#### The data ####

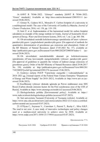 ФИЛИМОНОВА И. В., САВИНА А. И., КРИВОШЕЕВА О. И., ГЛАДКИХ К. Д. УГЛЕРОДНЫЙ СЛЕД УНИВЕРСИТЕТА КАК ИНСТРУМЕНТ ПОВЫШЕНИЯ КЛИМАТИЧЕСКОЙ ГРАМОТНОСТИ СТУДЕНТОВ // ВЕСТНИК ПЕРМСКОГО НАЦИОНАЛЬНОГО ИССЛЕДОВАТЕЛЬСКОГО ПОЛИТЕХНИЧЕСКОГО УНИВЕРСИТЕТА. СОЦИАЛЬНО-ЭКОНОМИЧЕСКИЕ НАУКИ. 2024. № 2
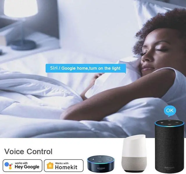 Voice Control Compatible with Apple Home (Homekit) Amazon Alexa and Google Assistant. Voice commands of smart device to turn on/off the light, and change the colors, lightness and the mode of lighting. (Alexa, change the color of the living room light to red)
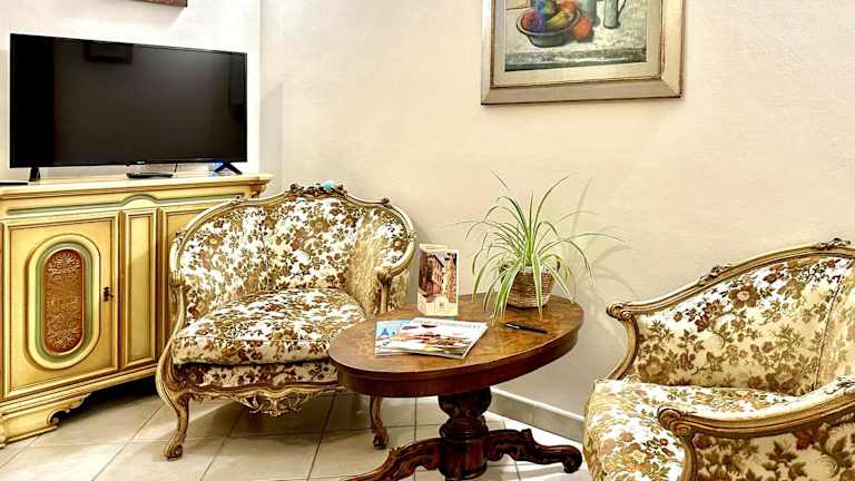 Die Ferienwohnung besteht aus 2 Schlafzimmern, einem Wohnzimmer, einem Badezimmer mit Bidet und Dusche sowie der genannten voll ausgestatteten Küche. Handtücher und Bettwäsche werden bereitgestellt.
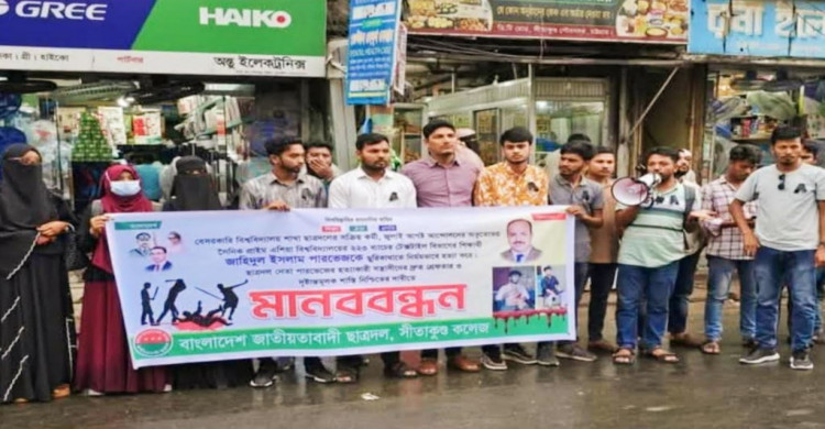 ছাত্রদল নেতা পারভেজকে হত্যার প্রতিবাদে সীতাকুণ্ডে মানববন্ধন

####

Task requirements:
Reprint the whole listing above exactly, taking out the pictures.

Output of the task:
 ФИЛИМОНОВА И. В., САВИНА А. И., КРИВОШЕЕВА О. И., ГЛАДКИХ К. Д. УГЛЕРОДНЫЙ СЛЕД УНИВЕРСИТЕТА КАК ИНСТРУМЕНТ ПОВЫШЕНИЯ КЛИМАТИЧЕСКОЙ ГРАМОТНОСТИ СТУДЕНТОВ // ВЕСТНИК ПЕРМСКОГО НАЦИОНАЛЬНОГО ИССЛЕДОВАТЕЛЬСКОГО ПОЛИТЕХНИЧЕСКОГО УНИВЕРСИТЕТА. СОЦИАЛЬНО-ЭКОНОМИЧЕСКИЕ НАУКИ. 2024. № 2
 Voice Control Compatible with Apple Home (Homekit) Amazon Alexa and Google Assistant. Voice commands of smart device to turn on/off the light, and change the colors, lightness and the mode of lighting. (Alexa, change the color of the living room light to red)
 Die Ferienwohnung besteht aus 2 Schlafzimmern, einem Wohnzimmer, einem Badezimmer mit Bidet und Dusche sowie der genannten voll ausgestatteten Küche. Handtücher und Bettwäsche werden bereitgestellt.
 ছাত্রদল নেতা পারভেজকে হত্যার প্রতিবাদে সীতাকুণ্ডে মানববন্ধন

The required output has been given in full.